The London Stock Exchange is home to a wide range of dividend shares, a collection of which have been hiking their shareholder payouts for decades. These Dividend Aristocrats are a popular destination of capital for many income-seeking investors. And their ability to continue paying out a larger amount each year makes them seem extremely safe as investments.
Arguably, two of the most popular in the UK are British American Tobacco (LSE:BATS) and National Grid (LSE:NG.). Both enterprises have been rewarding shareholders with ever-increasing dividends for more than 25 years. But can they continue to maintain this impressive track record moving forward?
The evolution of the tobacco industry
It’s no secret that cigarettes are addictive. And this has been a crucial advantage for firms like British American, which have been able to systematically increase prices in the face of falling volumes as consumers have steadily become more health-conscious.
That’s paved the way for impressive free cash flow generation. Sadly the share price has struggled to gain momentum as investors becoming increasingly more focused on ESG factors. But that’s also led to the stock now paying close to a 10% dividend yield – one of the highest in the FTSE 100.

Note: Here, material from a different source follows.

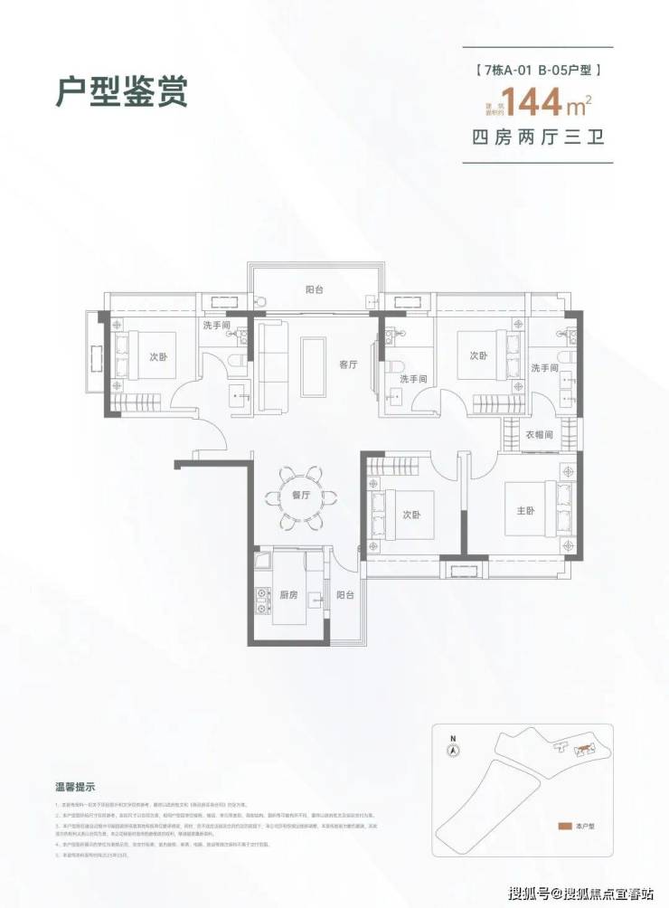 144㎡的4房2厅3卫,设计的是竖厅南北通透格局,进门入户玄关,LDKB一体化设计,双主卧套房,L型厨房还带1个生活阳台,公卫干湿分离,得房率约82%(不含赠送),阳台主朝西北向。

So, despite being unpopular, is this secretly a gold mine for income investors? For the time being, that certainly seems to be the case. But zooming out to the long run, some uncertainty starts to creep in.
With regulatory restrictions becoming increasingly harder to comply with, the future of the cigarette industry looks bleak, at least in its current form. That’s why British American Tobacco has already been investing heavily in new non-cigarette product lines, such as vaping devices and heated tobacco.

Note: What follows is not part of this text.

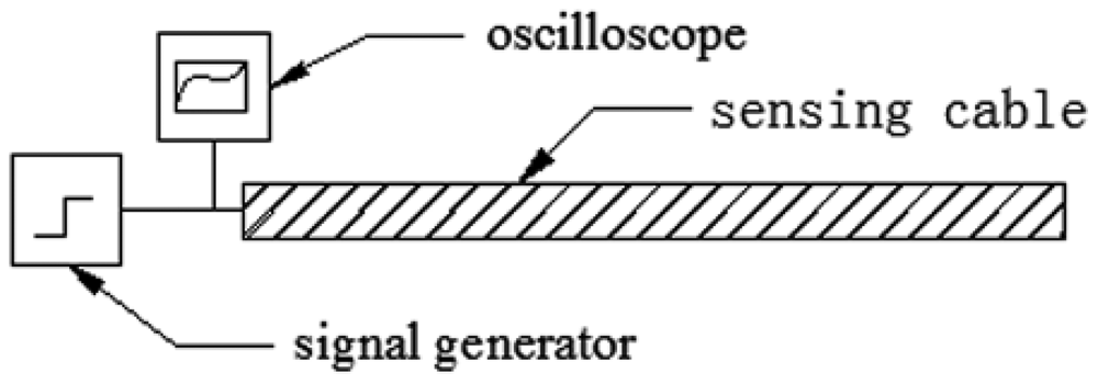 According to Equation (1), the impedance characteristic decides the TDR sensing cable's measurement characteristic. If ZL > ZC, a positive reflected signal will be found in the reflected signal waveform. If ZL < ZC, a negative signal will be received. Cables with different impedance characteristic can detect different parameters. In order to detect stretching ground surface deformation, a TDR sensing cable's impedance should change when the cable is stretched by ground surface deformation.

These products are expected to become the dominant generator of revenue for this enterprise within the next decade. But whether they can produce the same level of cash flow as cigarettes currently do, is still unclear. Should the company fail in its transition, the group’s long dividend track record may finally come to an end.

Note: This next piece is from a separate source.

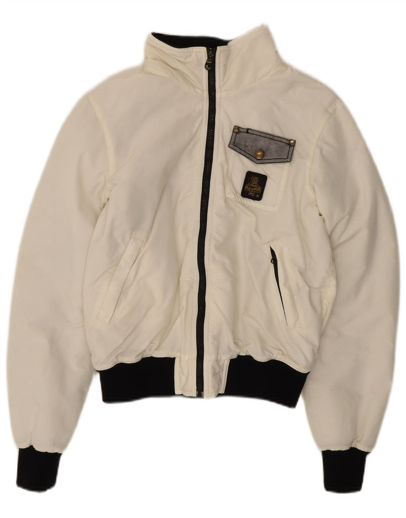 REFRIGIWEAR Womens Oversized Bomber Jacket UK 10 Small White Polyamide

Electricity demand is rising
National Grid is considered to be one of the safest dividend shares in the UK by many investors. And it’s not difficult to see why. Operating in a legal monopoly, the firm has next to no competition, making everyone in Britain dependent on its infrastructure.
The group is obviously subject to regulator oversight to prevent abuse. But even with these restrictions, it’s a highly cash generative business with strong demand. That’s how it’s managed to hike its dividend every year since 1996. But is it actually as ‘safe’ as many investors believe?
Building and maintaining national energy infrastructure isn’t cheap. And it subsequently caused the group to rack up an exceptional amount of debt — £42.99bn, to be precise. By comparison, the firm’s market capitalisation only stands at £38.7bn. And this leverage-heavy capital structure could prove quite problematic in the face of higher interest rates.
As higher interest expenses gobble up more cash flow and regulatory pricing restrictions prevent cost mitigation, the sustainability of its dividend could be questioned.
The bottom line
At the end of the day earning the title of Dividend Aristocrat is an impressive feat that not many businesses achieve. However, like any investment, even these safe-looking income opportunities carry risks. And investors need to carefully inspect whether they’re risks worth taking.